We have added the following into the text of Limitations: “But data about peculiarities of the placental development of male and female acomyses was obtained (O’Connell et al., 2013).”.

 

2. The Authors wrote that “Acomys is a precocial animal. After birth, its eyes are fully open and the animal can they engage in visually guided locomotion [5]. However, limited data are available on the structure and postnatal development of the visual system in A. cahirinus [6]. This work is the first in a series of publications devoted to the study of postnatal structure and development the central nervous system, and in particular the organ of vision, in A. cahirinus.…” Why was this species chosen? I understand that a given structure has not yet been described in this mouse, but what impact does it have on science/medicine/practice? Can the knowledge about the geniculate nucleus in Acomys be somehow transferred to higher animals (Primates) or humans?

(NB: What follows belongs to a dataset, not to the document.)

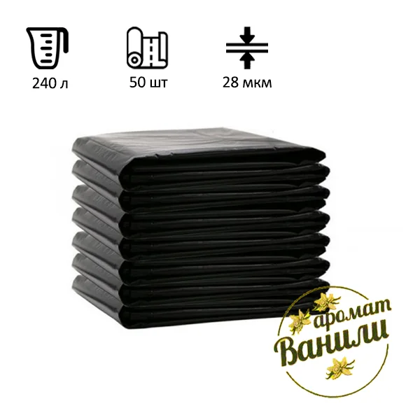 Мешки для мусора Ромашка Стандарт 240л, ПВД, 105х135см, 28мкм, 50шт, 75гр, черного цвета, в пласте

Several opportunities to use acomys in the studies of visual system exist. (1) Using precocial animals allows us to compare the environment-dependent and independent features of the developing visual system. Previously, using a cat model, we obtained several transient neuronal populations of the LGN in newborns; we supposed they are totally independent upon the visual experience. Several similar features we have revealed in acomys, and thereby, this data supported our early supposition. (2) Due to the high regenerative potential, it allows us to use some invasive techniques (surgery implantation, tracing studies, etc) that are harder for the compatible in size routine rodents, especially, for newborns. (3) Since acomyses are born with fully opened eyes and are able to visual guided locomotion, it is possible to use this animal model for the investigation of sensory-motor integration at all postnatal studies. The combination of the 2nd and 3rd issues allows us to merge several techniques like behavioral testing at trail, treadmill, and ladder with invasive procedures just after acomys’s birth. Now we are elaborating some methodological approaches in this sense.

 

3. Were the sections heat treated to unblock antigen?

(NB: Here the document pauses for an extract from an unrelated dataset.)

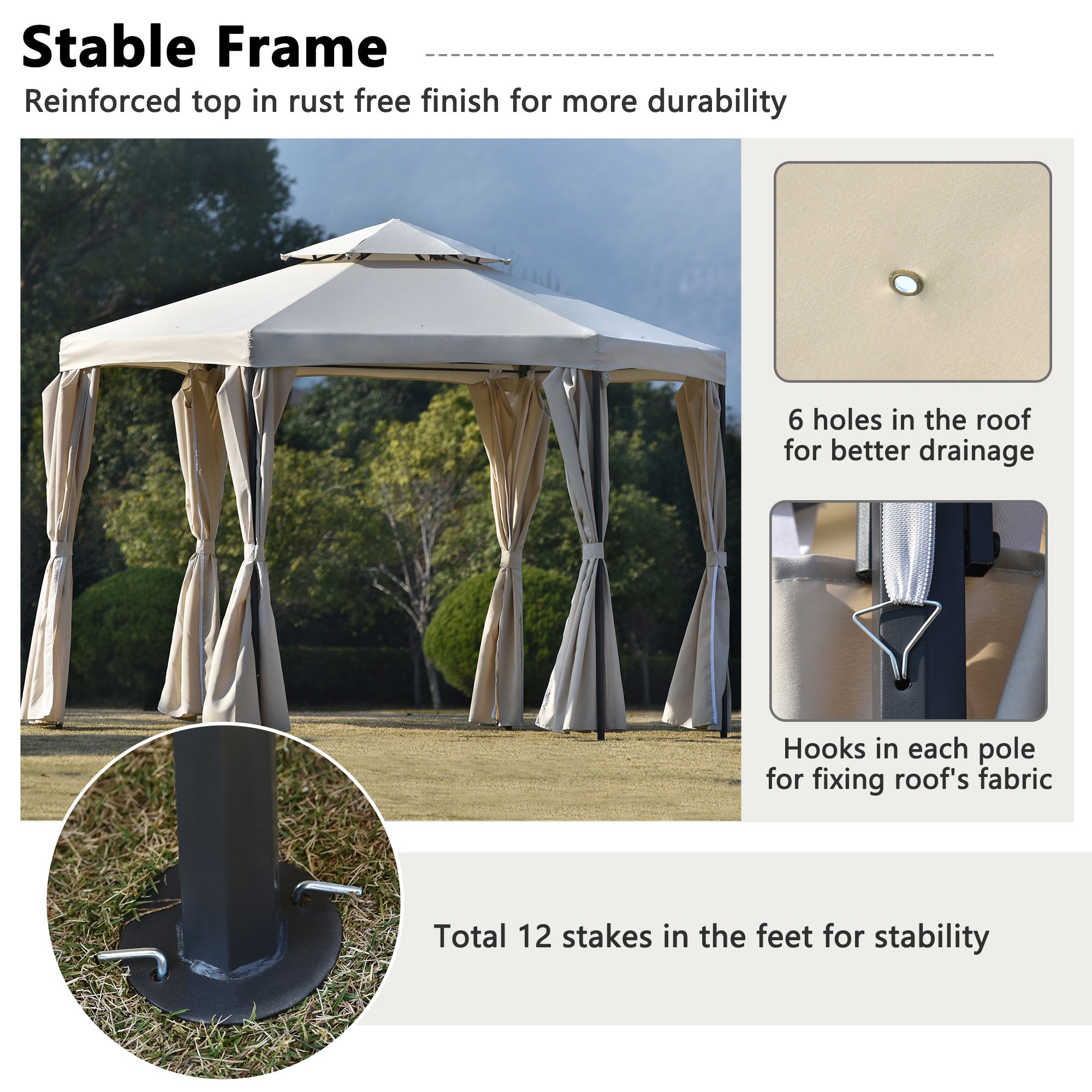 TOPMAX 11ft.Wx11ft. L Outdoor Patio Hexagon Gazebo with Polyester Curtain Side Wall; Double Roofs for Decks; Poolsides; Gardens; Beige

Antigens were unblocked using NaBH₄ as in our previous works. This data was added to the manuscript as follows: “Antigens were unmasked in 1% NaBH₄ for 15 min (Serva Feinbiochemica, Germany)”.

 

4. "For immunohistochemical staining, slices were processed as free floating. Endogenous peroxidase activity was blocked by 0.3% H₂O₂, unspecific immunoreactivity was lowered by incubation in 3% bovine serum albumin...- how long?

We added this data to the manuscript as follows: “Endogenous peroxidase activity was blocked by 0.3% H₂O₂ for 30 min, unspecific immunoreactivity was lowered by incubation in 3% bovine serum albumin for 1 h (BSA, Biolot, Russia).

Author Response File: Author Response.pdf

Round 2

Reviewer 2 Report

Comments and Suggestions for Authors

The Authors took my comments into account, and I also thank them for their comprehensive answers.

I believe that the manuscript is suitable for publication in IJMS.